Nothing but the lines below from the one with "240g 레트로 여성용" through the one with "Comparison of water" should be output, each exactly as given, and no pictures.

# Entries provided
# # # # #

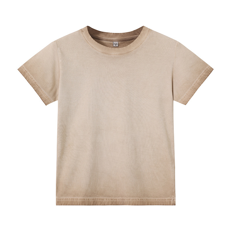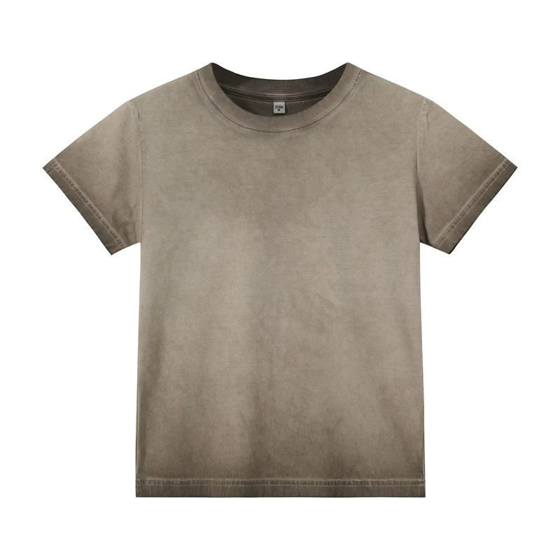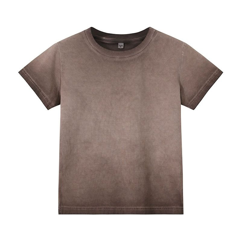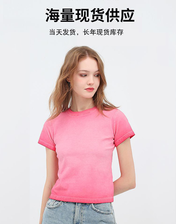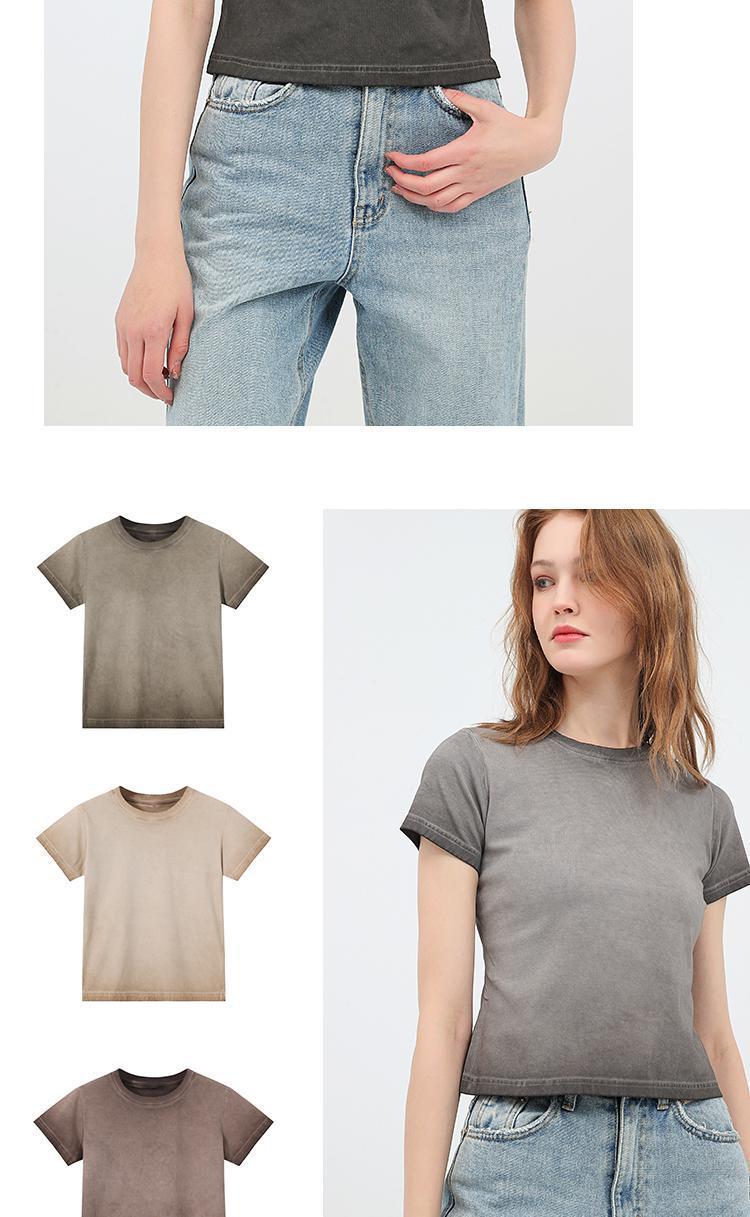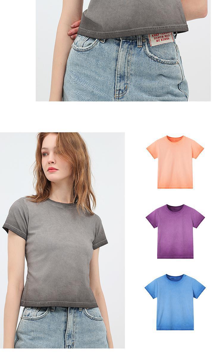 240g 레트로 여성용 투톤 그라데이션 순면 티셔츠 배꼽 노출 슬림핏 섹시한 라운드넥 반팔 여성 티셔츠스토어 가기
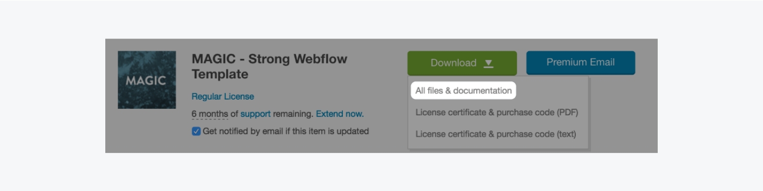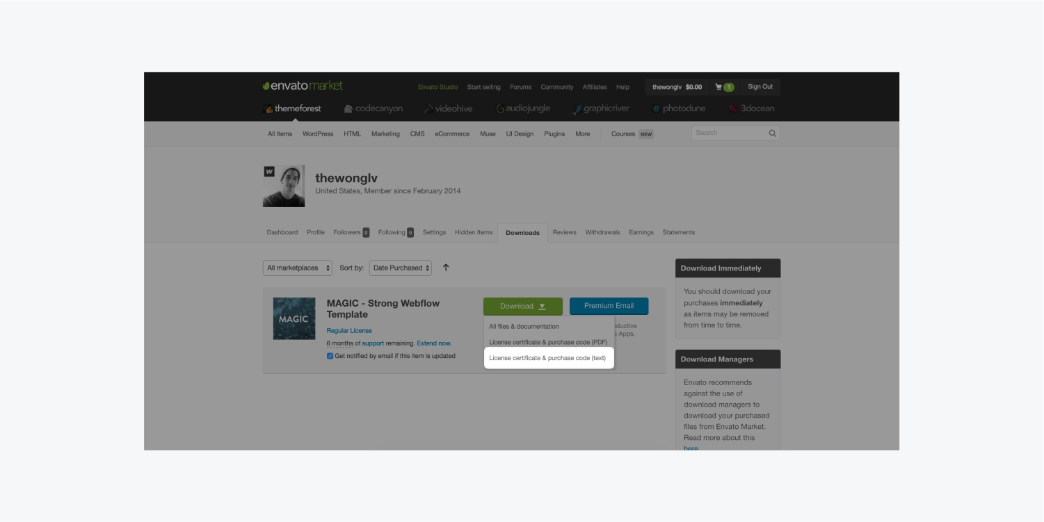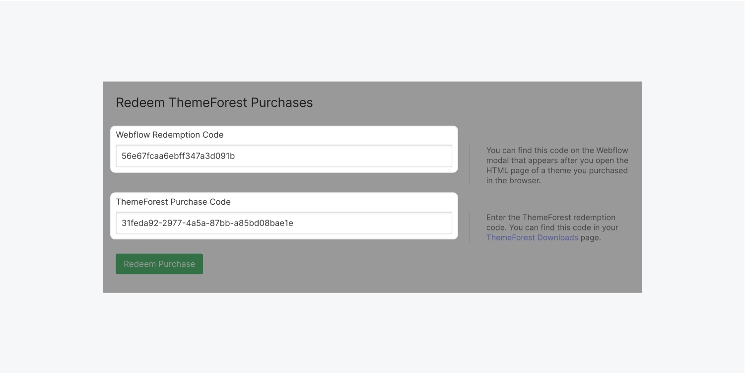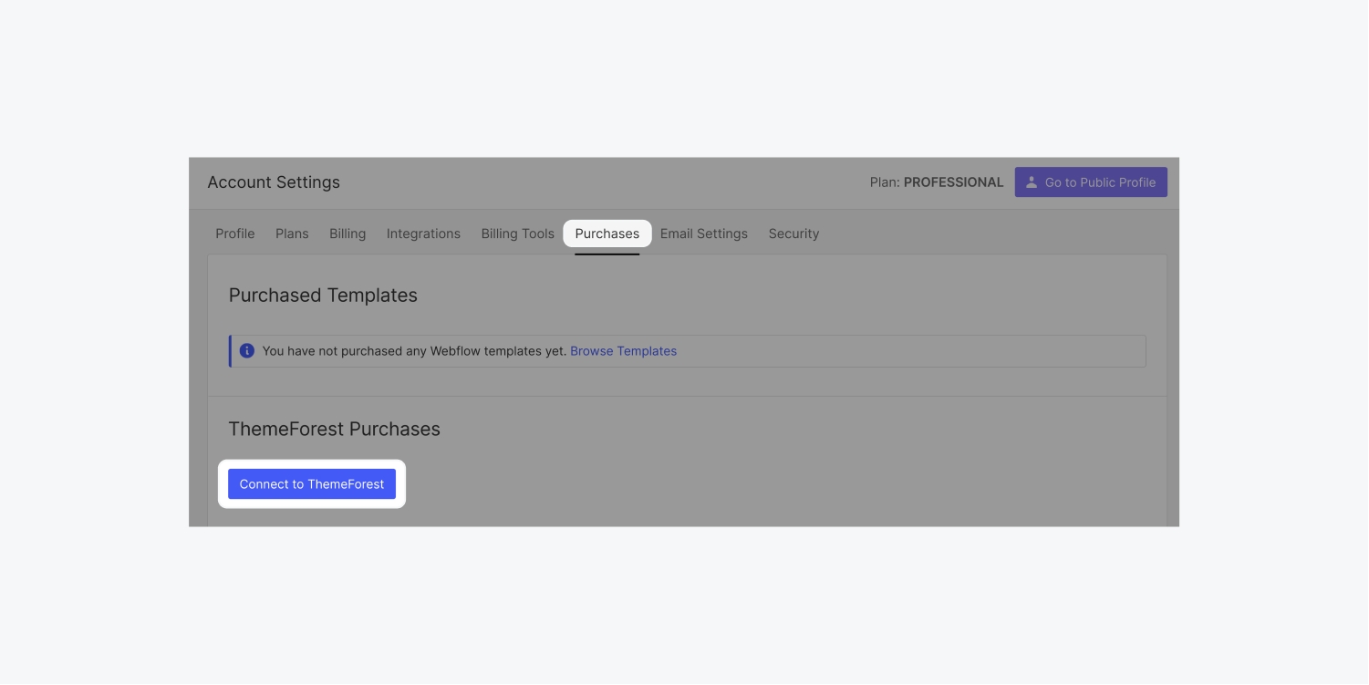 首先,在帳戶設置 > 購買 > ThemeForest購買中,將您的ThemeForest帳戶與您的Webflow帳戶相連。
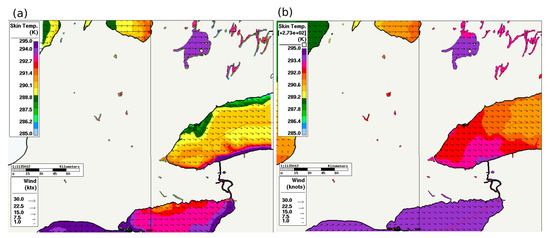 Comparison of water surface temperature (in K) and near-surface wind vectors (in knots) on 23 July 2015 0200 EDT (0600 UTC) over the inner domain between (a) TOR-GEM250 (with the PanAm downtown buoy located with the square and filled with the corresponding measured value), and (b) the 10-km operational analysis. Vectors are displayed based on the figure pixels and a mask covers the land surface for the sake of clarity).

# # # # #

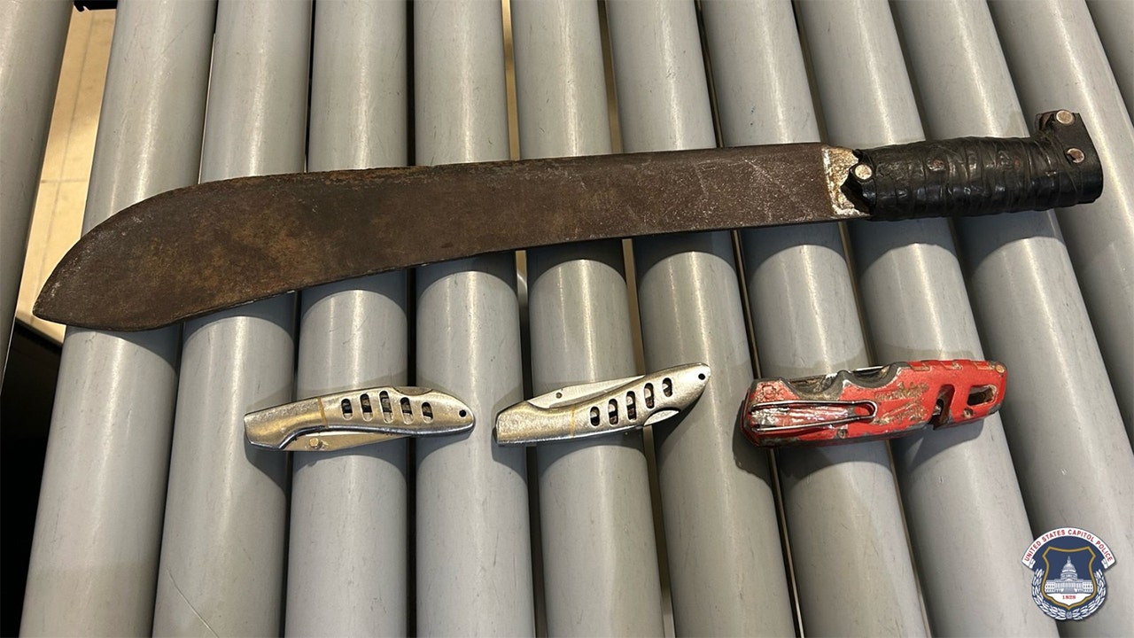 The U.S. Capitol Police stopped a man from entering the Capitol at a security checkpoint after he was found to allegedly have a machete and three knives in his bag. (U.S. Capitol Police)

# # # # #

# Solution to the exercise
 240g 레트로 여성용 투톤 그라데이션 순면 티셔츠 배꼽 노출 슬림핏 섹시한 라운드넥 반팔 여성 티셔츠스토어 가기
 首先,在帳戶設置 > 購買 > ThemeForest購買中,將您的ThemeForest帳戶與您的Webflow帳戶相連。
 Comparison of water surface temperature (in K) and near-surface wind vectors (in knots) on 23 July 2015 0200 EDT (0600 UTC) over the inner domain between (a) TOR-GEM250 (with the PanAm downtown buoy located with the square and filled with the corresponding measured value), and (b) the 10-km operational analysis. Vectors are displayed based on the figure pixels and a mask covers the land surface for the sake of clarity).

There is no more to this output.